Researchers from Skoltech, Philips Research and Goethe University Frankfurt have trained a neural network to identify anomalies in medical images to help physicians go through countless scans in search of pathologies.
The study explains that the new method is adapted to the nature of medical imaging and is highly successful in identifying abnormalities compared to general-purpose solutions.
The study has been reported in the IEEE Access journal.
The detection of image anomalies is a task that forms part of data analysis in several industries. But medical scans pose a specific challenge. It is much simpler for algorithms to find, for example, a car with a flat tire or a broken windshield from a sequence of car pictures compared to identifying which of the X-rays display early signs of pathology in the lungs, similar to the onset of COVID-19 pneumonia.
Medical images are difficult for several reasons. For one thing, the anomalies look very much like the normal case.

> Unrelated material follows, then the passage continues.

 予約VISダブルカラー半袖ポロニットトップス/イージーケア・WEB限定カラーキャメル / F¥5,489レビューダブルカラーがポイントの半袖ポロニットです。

Cells are cells, and you usually need a trained professional to recognize something’s amiss.
Dmitry Dylov, Study Senior Author and Professor and Head of the Institute’s Computational Imaging Group, Skolkovo Institute of Science and Technology
“Besides that, there’s the shortage of anomaly examples to train neural networks on. Machines are good at something called a two-class problem. That’s when you have two distinct classes, each of them populated with lots of examples for training — like cats and dogs,” continued Dylov.
“With medical scans, the normal case is always grossly overrepresented, with just a few anomalous examples cropping up here and there. And even those tend to be different between themselves, so you just don’t have a well-defined class for abnormalities,” added Dylov.

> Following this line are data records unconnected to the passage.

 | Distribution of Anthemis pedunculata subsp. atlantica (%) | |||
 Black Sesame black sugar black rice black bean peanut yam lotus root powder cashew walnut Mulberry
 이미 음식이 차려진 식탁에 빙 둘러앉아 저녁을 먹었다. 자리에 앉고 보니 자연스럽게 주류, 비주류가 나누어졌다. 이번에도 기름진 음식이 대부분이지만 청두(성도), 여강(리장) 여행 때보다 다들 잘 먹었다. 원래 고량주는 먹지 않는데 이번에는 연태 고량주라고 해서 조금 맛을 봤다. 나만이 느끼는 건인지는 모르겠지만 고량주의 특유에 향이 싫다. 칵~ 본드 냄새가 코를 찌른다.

Dylov’s research group analyzed four datasets of chest X-rays and breast cancer histology microscopy images to verify the versatility of the method throughout various imaging devices. Although the absolute precision and the benefit gained varied extensively and relied heavily on the concerned dataset, the new technique constantly exceeded the traditional solutions in all of the reviewed cases.

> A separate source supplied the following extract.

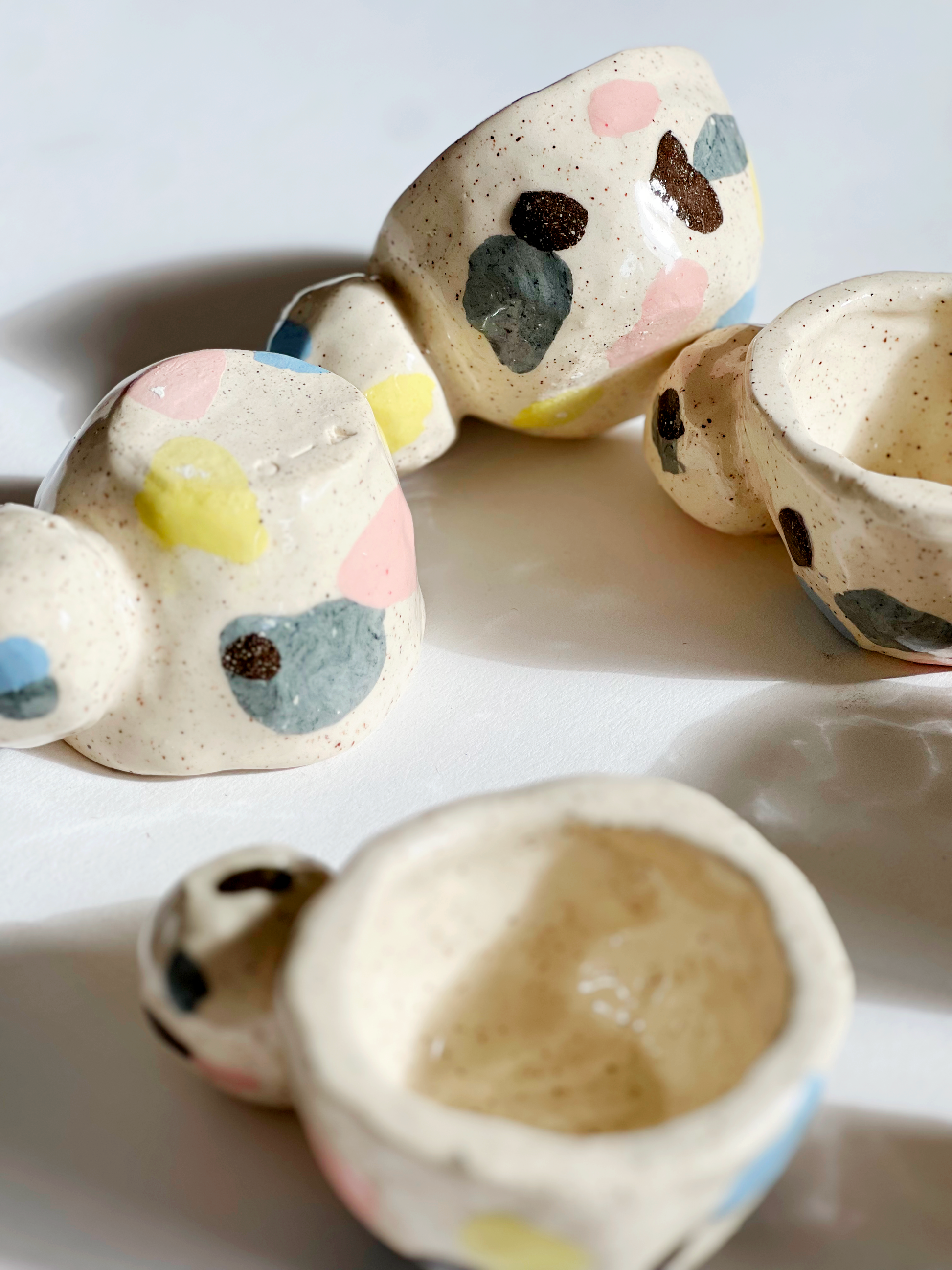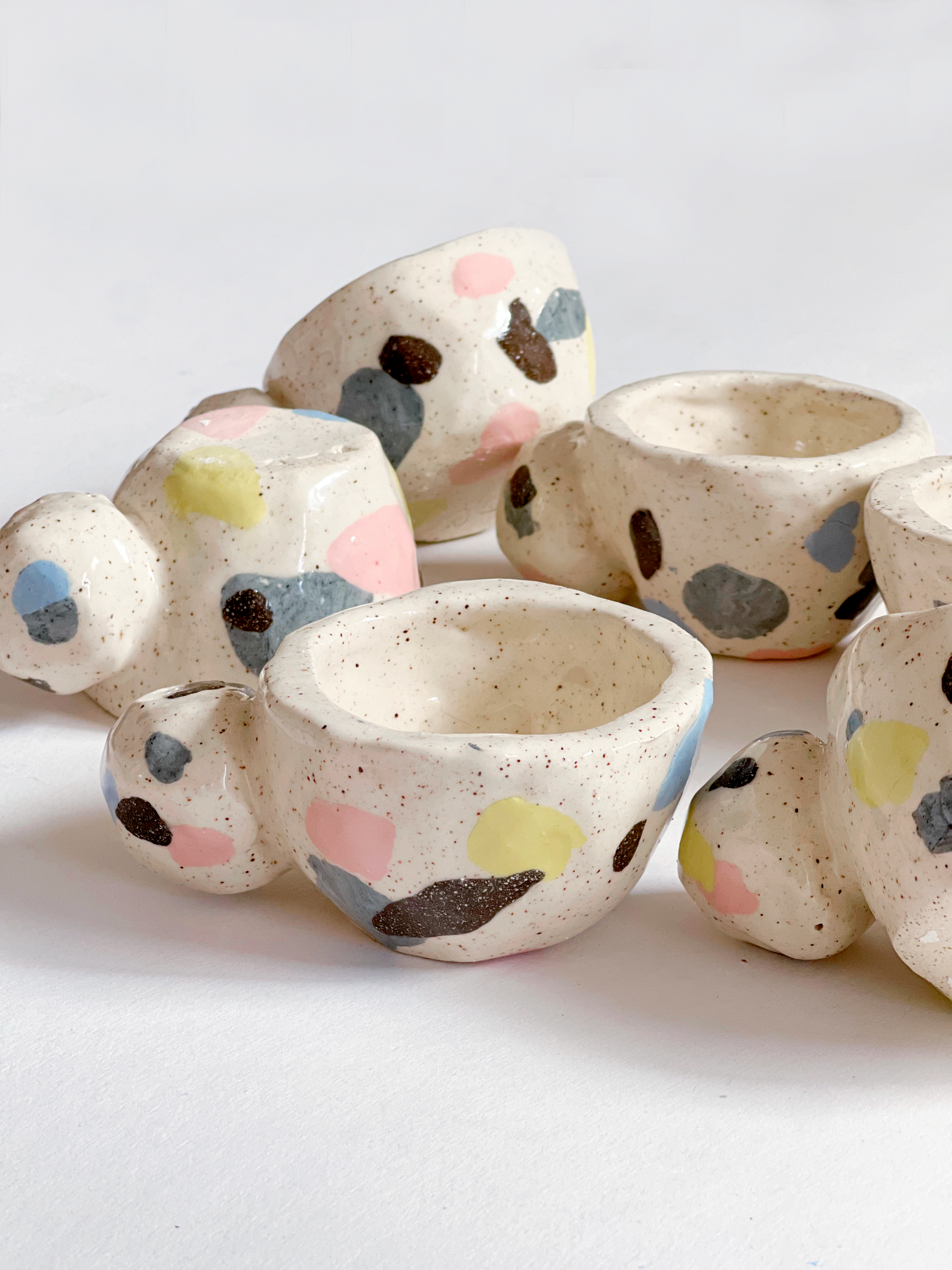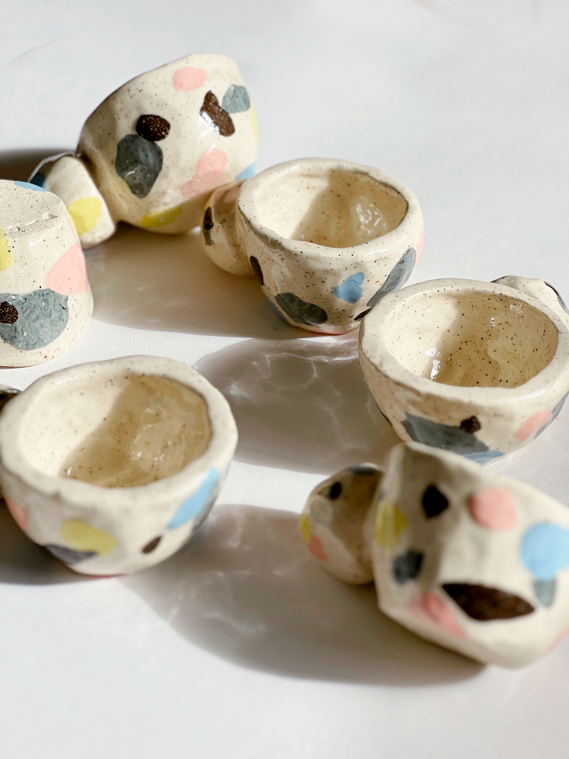 Each item is handmade and one-of-a-kind, varying slightly in size, shape, and glaze.

What differentiates the new technique from the competitors is that it looks to “perceive” the general perception that a specialist working with the scans may have by determining the exact features that impact the decisions of human annotators.
The study is also very different due to the suggested recipe for standardizing the method to detect the medical image anomaly so that various research groups can compare their models consistently and reproducibly.
We propose to use what’s known as weakly supervised training. Since two clearly defined classes are unavailable, this task usually tends to be treated with unsupervised or out-of-distribution models. That is, the anomalous cases are not identified as such in the training data.
Dmitry Dylov, Study Senior Author and Professor and Head of the Institute’s Computational Imaging Group, Skolkovo Institute of Science and Technology
“However, treating the anomalous class as a complete unknown is actually very strange for a clinical problem, because doctors can always point to a few anomalous examples. So, we showed some abnormal images to the network to unleash the arsenal of weakly supervised methods, and it helped a lot. Even just one anomalous scan for every 200 normal ones goes a long way, and this is quite realistic,” added Dylov.
The researchers note that their method — Deep Perceptual Autoencoders — is simple to carry forward to an extensive range of other medical scans, beyond the two types utilized in the study, since the solution is altered to the general nature of these images. Specifically, it is sensitive to small-scale anomalies and makes use of a few of their instances in training.
We are glad that the Philips-Skoltech partnership enables us to address challenges like this one that are of great relevance to the health care industry. We expect this solution to considerably accelerate the work of histopathologists, radiologists, and other medical professionals facing the tedious task of spotting minute abnormalities in large sets of images.
Irina Fedulova, Study Co-Author and Director of Philips Research Branch, Lomonosov Moscow State University
“By subjecting the scans to preliminary analysis, the obviously unproblematic images can be eliminated, giving the human expert more time to focus on the more ambiguous cases,” added Fedulova.
Journal Reference:
Shvetsova, N., et al. (2021) Anomaly Detection in Medical Imaging With Deep Perceptual Autoencoders. IEEE Access. doi.org/10.1109/ACCESS.2021.3107163.